-- Opening Marker --

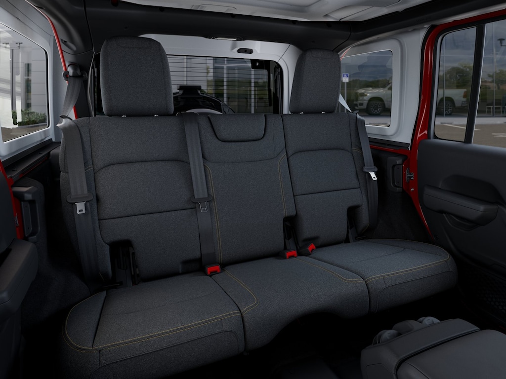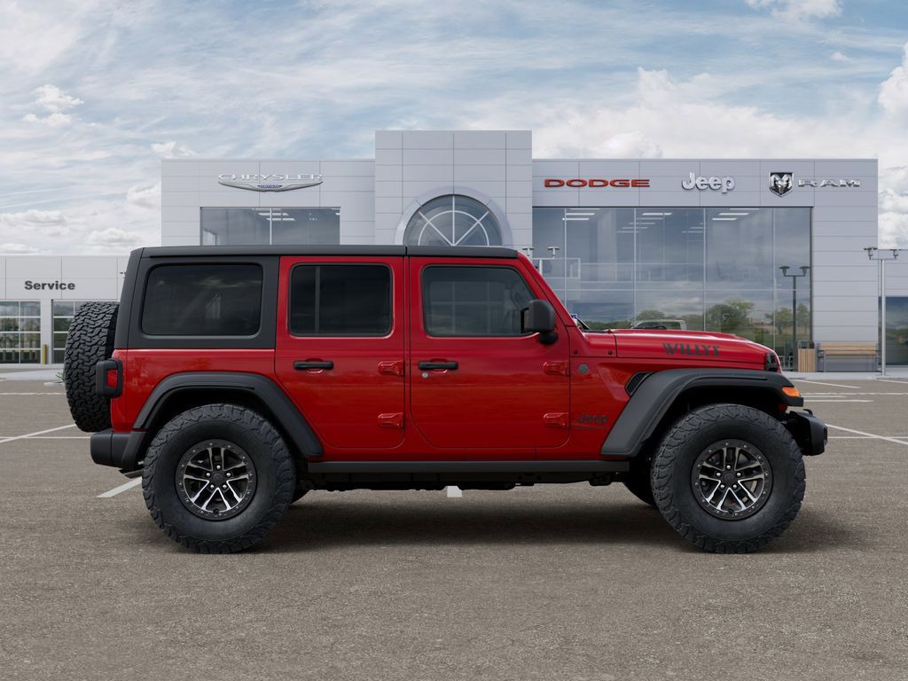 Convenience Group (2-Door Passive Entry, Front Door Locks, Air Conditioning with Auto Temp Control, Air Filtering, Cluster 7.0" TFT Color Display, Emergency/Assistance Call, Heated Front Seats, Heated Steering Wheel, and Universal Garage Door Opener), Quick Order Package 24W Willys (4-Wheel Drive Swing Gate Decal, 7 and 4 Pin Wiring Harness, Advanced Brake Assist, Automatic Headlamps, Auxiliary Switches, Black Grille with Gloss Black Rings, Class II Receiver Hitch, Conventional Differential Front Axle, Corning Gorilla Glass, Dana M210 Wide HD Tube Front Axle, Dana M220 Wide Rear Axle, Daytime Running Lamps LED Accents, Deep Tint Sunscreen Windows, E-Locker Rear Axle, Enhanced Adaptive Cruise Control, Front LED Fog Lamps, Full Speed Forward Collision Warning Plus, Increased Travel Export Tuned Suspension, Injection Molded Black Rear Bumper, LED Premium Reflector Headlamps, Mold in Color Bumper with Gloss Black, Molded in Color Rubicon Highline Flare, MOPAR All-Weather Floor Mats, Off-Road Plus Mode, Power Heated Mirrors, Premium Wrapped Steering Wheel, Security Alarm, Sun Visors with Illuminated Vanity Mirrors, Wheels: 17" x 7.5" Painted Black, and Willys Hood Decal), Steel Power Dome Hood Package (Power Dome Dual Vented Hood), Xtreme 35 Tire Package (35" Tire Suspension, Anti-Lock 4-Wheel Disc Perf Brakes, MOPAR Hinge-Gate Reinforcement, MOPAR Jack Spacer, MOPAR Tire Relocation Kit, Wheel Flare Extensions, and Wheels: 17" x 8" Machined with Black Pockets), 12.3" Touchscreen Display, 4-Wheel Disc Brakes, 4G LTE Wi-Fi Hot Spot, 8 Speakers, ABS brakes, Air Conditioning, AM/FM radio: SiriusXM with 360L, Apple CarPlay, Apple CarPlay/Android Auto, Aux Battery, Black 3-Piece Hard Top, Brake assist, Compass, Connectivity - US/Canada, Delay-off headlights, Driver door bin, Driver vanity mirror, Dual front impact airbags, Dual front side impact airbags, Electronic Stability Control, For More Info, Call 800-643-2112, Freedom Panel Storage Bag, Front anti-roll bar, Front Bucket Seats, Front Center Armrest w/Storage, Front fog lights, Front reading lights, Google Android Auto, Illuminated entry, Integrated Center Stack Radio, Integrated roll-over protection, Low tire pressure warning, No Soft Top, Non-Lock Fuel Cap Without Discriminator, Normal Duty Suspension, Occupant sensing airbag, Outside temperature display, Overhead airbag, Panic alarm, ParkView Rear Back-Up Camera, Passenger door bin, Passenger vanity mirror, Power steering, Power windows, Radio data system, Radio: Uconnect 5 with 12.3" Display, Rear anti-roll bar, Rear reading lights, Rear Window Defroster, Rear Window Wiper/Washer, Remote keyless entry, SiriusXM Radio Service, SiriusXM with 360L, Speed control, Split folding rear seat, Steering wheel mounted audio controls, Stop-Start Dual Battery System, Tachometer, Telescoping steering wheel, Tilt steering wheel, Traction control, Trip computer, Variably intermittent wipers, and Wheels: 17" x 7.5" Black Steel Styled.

-- Closing Marker --
-- Opening Marker --

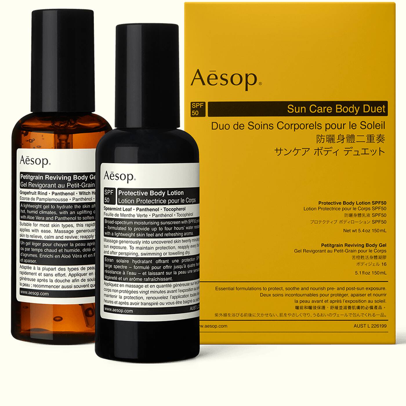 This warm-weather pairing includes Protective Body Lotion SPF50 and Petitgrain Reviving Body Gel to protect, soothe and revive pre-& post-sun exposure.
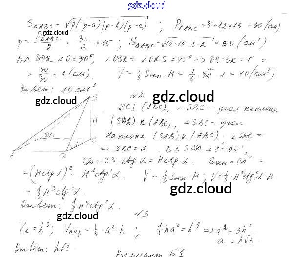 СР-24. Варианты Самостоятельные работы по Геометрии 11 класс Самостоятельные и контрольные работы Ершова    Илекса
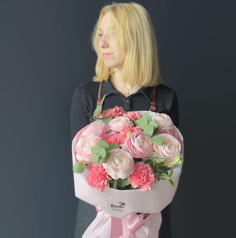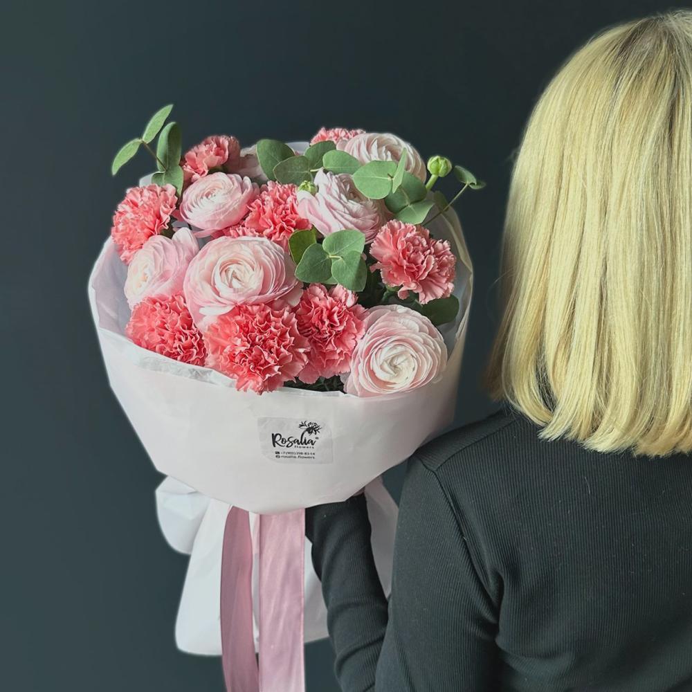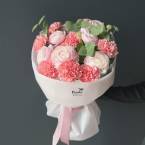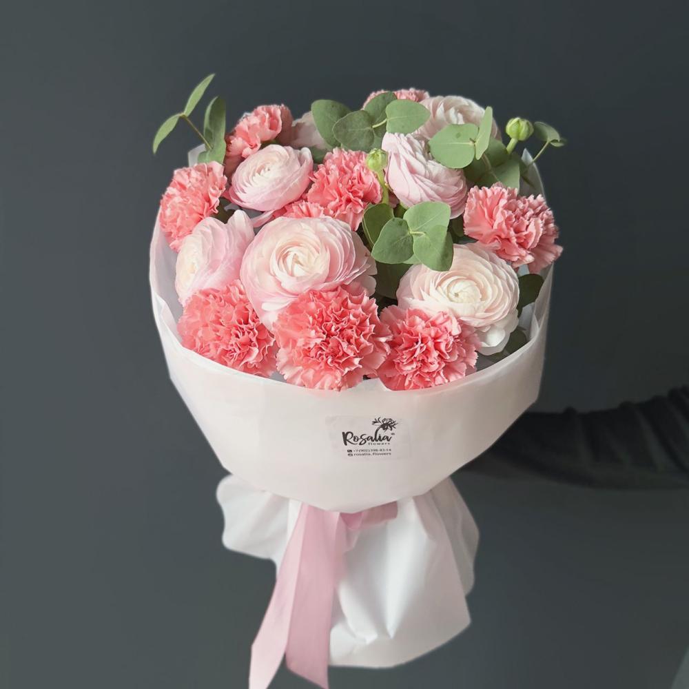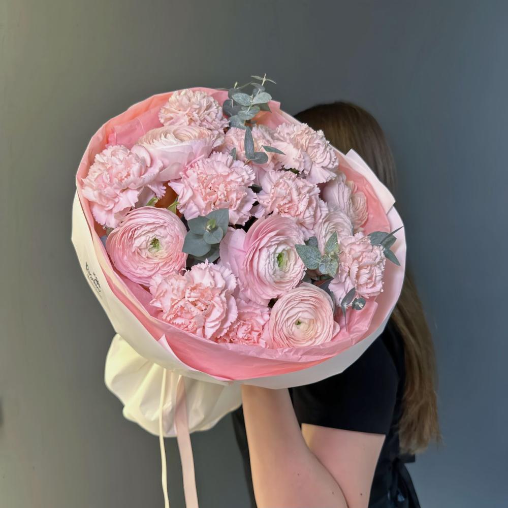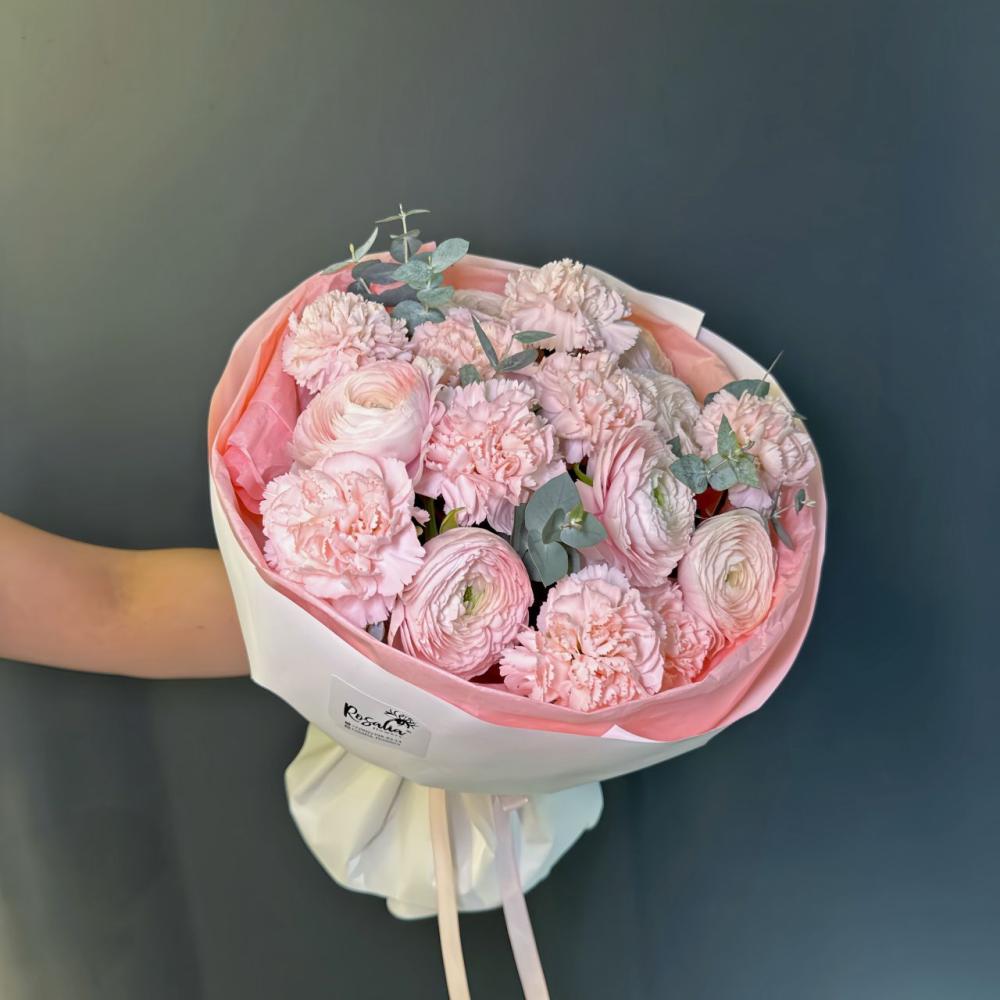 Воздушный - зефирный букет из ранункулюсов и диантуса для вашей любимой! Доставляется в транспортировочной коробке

-- Closing Marker --

* DESCRIPTION OF THE TASK *
Copy exactly, without pictures, the lines above from the one with "СР-24. Варианты Самостоятельные" down to the one with "Воздушный - зефирный", inclusive.

* EXERCISE OUTPUT *
 СР-24. Варианты Самостоятельные работы по Геометрии 11 класс Самостоятельные и контрольные работы Ершова    Илекса
 Воздушный - зефирный букет из ранункулюсов и диантуса для вашей любимой! Доставляется в транспортировочной коробке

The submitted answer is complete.